Concept · Data retention
Data retention & deletion
Default 24-hour retention. Set retain_hours: 0 and use webhooks for ephemeral processing. Hit POST /v1/jobs/{id}/purge to erase on demand. We bill from a tombstone with no document content.
What we store, and for how long
Every extraction job creates three logically separate things. Each has its own retention window, and you control them independently per request.
| Artifact | Where it lives | Default lifetime | Controlled by |
|---|---|---|---|
| Source file (your PDF/PPT/etc.) | Cloudflare R2 (or your BYOS bucket) | 24 hours | retain_hours |
| Extracted content (markdown + structured JSON) | Our Postgres | 24 hours (matches retain_hours) | result_retain_hours |
| Billing tombstone (job id, customer, pages, timestamps) | Our Postgres | Indefinite | Tax + audit retention; no document content |
A tombstone is the row that remains after we delete your data. It carries the fields we need to produce invoices and usage reports (id, customer_id, pages_extracted, completed_at) and nothing about your document — no filename, no hash, no result.
Ephemeral processing (recommended for sensitive data)
Set both retention windows to zero and have the result delivered to you via webhook. Our database holds your content for the duration of the extraction and the webhook delivery, then it's gone.
curl -X POST https://api.ocrqueen.com/v1/extract \
-H "Authorization: Bearer pk_..." \
-F "file=@confidential.pdf" \
-F 'options={
"retain_hours": 0,
"result_retain_hours": 0,
"callback_url": "https://your-app.com/ocrqueen-webhook"
}'The webhook payload contains the full extraction result. You're responsible for persisting whatever you need from there — once we deliver, we forget.
Erase on demand
For GDPR right-to-erasure requests, end-of-customer-engagement cleanups, or any one-off deletion: hit the purge endpoint. It's idempotent — calling it twice on the same job is harmless.

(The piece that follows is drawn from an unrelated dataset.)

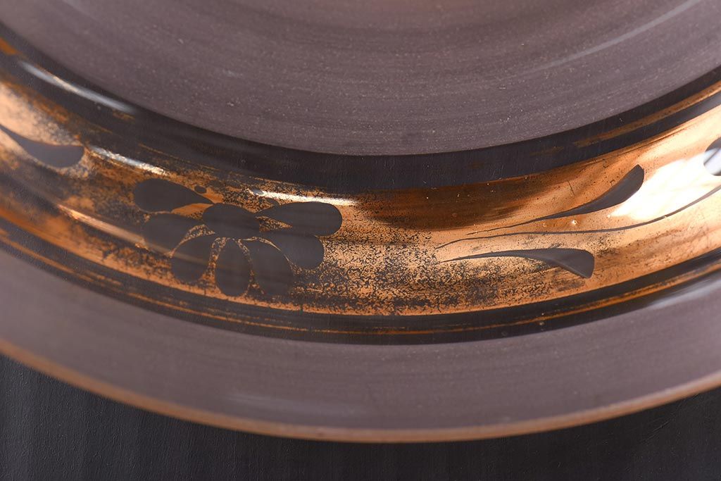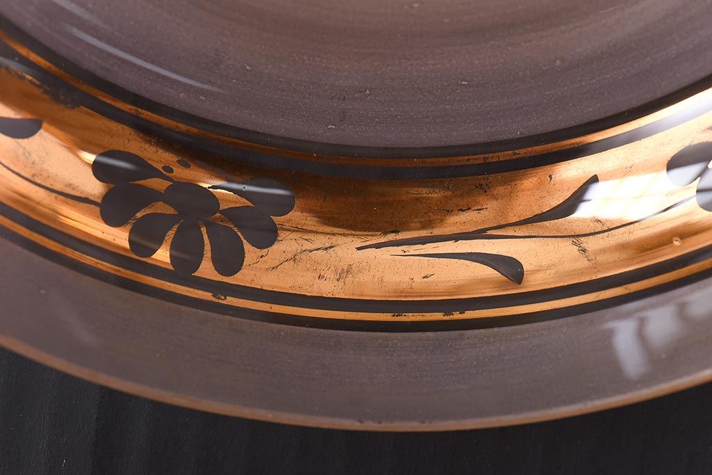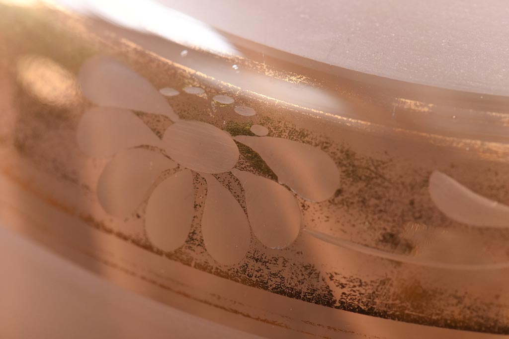 フランスビンテージ 淡いピンクにゴールドの帯がお洒落なペンダントライト(吊り下げ照明、シェード)です。

curl -X POST https://api.ocrqueen.com/v1/jobs/{job_id}/purge \
-H "Authorization: Bearer pk_..."
# 204 No Content. The source bytes are deleted from R2,
# the extracted result + request options are nulled, the
# row remains as a billing tombstone.Requires the jobs:write scope on the API key — destructive operations are deliberately gated behind a separate scope from extract:write so you can issue read-only keys that fetch results without being able to delete them.
Which scope does what
| Scope | What it permits |
|---|---|
extract:read | Read job status & results, cancel queued jobs |
extract:write | Submit new extraction jobs |
jobs:write | Hard-purge a job (source + result). Separate from extract:write on purpose. |
What stays after a purge
The job row remains so that:
- You can still see purged jobs in your usage reports.
- We can produce accurate invoices and tax records.

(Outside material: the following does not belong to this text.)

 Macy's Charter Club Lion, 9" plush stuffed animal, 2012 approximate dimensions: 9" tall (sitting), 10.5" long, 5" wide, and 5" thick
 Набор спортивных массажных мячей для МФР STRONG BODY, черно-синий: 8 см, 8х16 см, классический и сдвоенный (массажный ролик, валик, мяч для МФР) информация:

- An idempotent retry of the same request returns a clear “this job was purged” response instead of silently re-running and re-billing.
The fields we keep are: job id, customer id, pages extracted, file size in bytes (no filename, no hash), status, created / started / completed / purged timestamps, and the usage events that drive billing.
BYOS and retention
If you provided a BYOS destination for output artifacts (extracted images, page renders), those live in yourbucket and OCRQueen never touches them again — including on purge. Lifecycle there is governed by your bucket's own policies.
Today, source-side BYOS (uploading directly to your bucket instead of ours) is on the roadmap; until then the source file is uploaded to our R2 and deleted per retain_hours.
What we never persist
- Plaintext API keys. We hash on creation and store only the hash + a short prefix for display.
- Plaintext BYOS credentials. Encrypted at rest with our KMS-backed envelope encryption; workers decrypt to memory only, never to disk.
- Request bodies in logs. Structured logs record metadata (job id, page count, latency, error code) and never the document contents.
Changes to this policy
We'll announce material changes here and to API-key owners by email at least 30 days before they take effect. Tighter defaults (shorter retention) ship immediately; looser defaults (longer retention) require notice.